The reaction is then completed either by the reformation of the carbonyl through an 1,2-rearrangement or by the formation of the epoxide. There are two possible carbonyl products: one formed by migration of R1 (4) and the other by migration of R2 (5). The relative yield of each possible carbonyl is determined by the migratory preferences of the R-groups.
This reaction is exothermic due to the stability of nitrogen gas and the carbonyl containing compounds. This specific mechanism is supported by several observations. First, kinetic studies of reactions between diazomethane and various ketones have shown that the overall reaction follows second order kinetics. Additionally, the reactivity of two series of ketones are in the orders Cl3CCOCH3 > CH3COCH3 > C6H5COCH3 and cyclohexanone > cyclopentanone > cycloheptanone > cyclooctanone. These orders of reactivity are the same as those observed for reactions that are well established as proceeding through nucleophilic attack on a carbonyl group.
Scope and Variation
The reaction was originally carried out in diethyl ether and routinely generated high yields due to the inherent irreversibly of the reaction caused by the formation of nitrogen gas. Though these reactions can be carried out at room temperature, the rate does increase at higher temperatures. Typically, the reaction is carried out at less than refluxing temperatures. The optimal reaction temperature is determined by the specific diazoalkane used. Reactions involving diazomethanes with alkyl or aryl substituents are exothermic at or below room temperature. Reactions involving diazomethanes with acyl or aroyl substituents require higher temperatures. The reaction has since been modified to proceed in the presence of Lewis acids and common organic solvents such as THF and dichloromethane. Reactions generally run at room temperature for about an hour, and the yield ranges from 70%-80% based on the choice of Lewis acid and solvent.

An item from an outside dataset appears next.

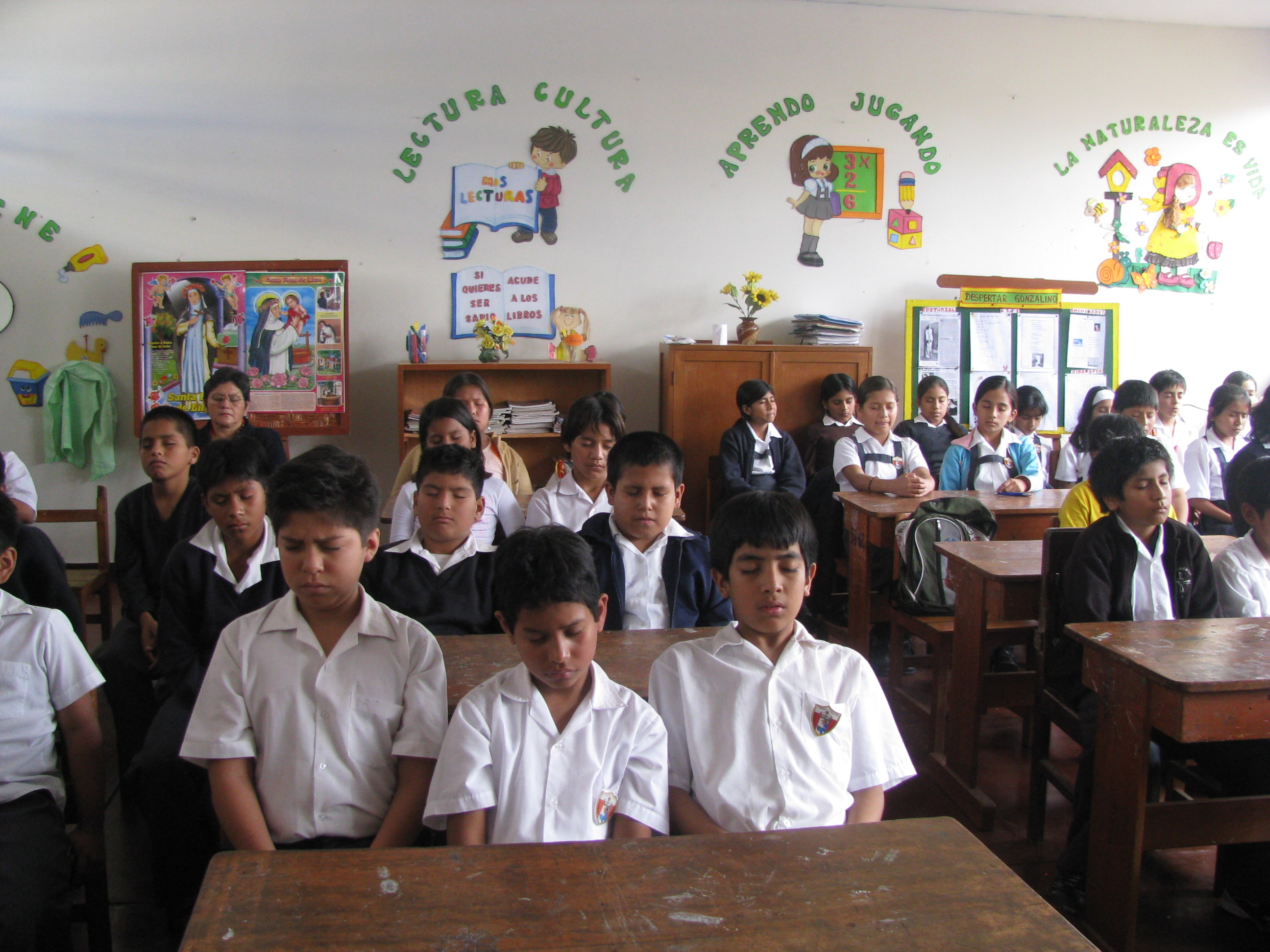 Transcendental Meditation (TM) is taught in 2,000 schools in Latin America, here in Peru, through the David Lynch Foundation, the program is called "A Consciousness-Based Education".

Steric effects of the alkyl substituents on the carbonyl reactant have been shown to affect both the rates and yields of Büchner–Curtius–Schlotterbeck reaction. Table 1 shows the percent yield of the ketone and epoxide products as well as the relative rates of reaction for the reactions between several methyl alkyl ketones and diazomethane.
|Starting Ketone||Ketone %||Epoxide %||Relative Rate|
The observed decrease in rate and increase in epoxide yield as the size of the alkyl group becomes larger indicates a steric effect.
Ketones and aldehydes with electron-withdrawing substituents react more readily with diazoalkanes than those bearing electron-donating substituents (Table 2). In addition to accelerating the reaction, electron-withdrawing substituents typically increase the amount of epoxide produced (Table 2).
|Starting Compound||Carbonyl %||Epoxide %||Reference|
The affects of substituents on the diazoalkanes is reversed relative to the carbonyl reactants: electron-withdrawing substituents decrease the rate of reaction while electron-donating substituents accelerate it. For example, diazomethane is significantly more reactive than ethyl diazoacetate, though less reactive than its higher alkyl homologs (e.g. diazoethane). Reaction conditions may also affect the yields of carbonyl product and epoxide product. In the reactions of o-nitrobenzaldehyde, p-nitrobenzaldehyde, and phenylacetaldehyde with diazomethane, the ratio of epoxide to carbonyl is increased by the inclusion of methanol in the reaction mixture. The opposite influence has also been observed in the reaction of piperonal with diazomethane, which exhibits increased carbonyl yield in the presence of methanol.
The ratio of the two possible carbonyl products (I and II) obtained is determined by the relative migratory abilities of the carbonyl substituents (R1 and R2). In general, the R-group most capable of stabilizing the partial positive charge formed during the rearrangement migrates preferentially. A prominent exception to this general rule is hydride shifting. The migratory preferences of the carbonyl R-groups can be heavily influenced by solvent and diazoalkane choice. For example, methanol has been shown to promote aryl migration. As shown below, if the reaction of piperanol (IV) with diazomethane is carried out in the absence of methanol, the ketone obtained though a hydride shift is the major product (V). If methanol is the solvent, an aryl shift occurs to form the aldehyde (VI), which cannot be isolated as it continues to react to form the ketone (VII) and the epoxide (VIII) products.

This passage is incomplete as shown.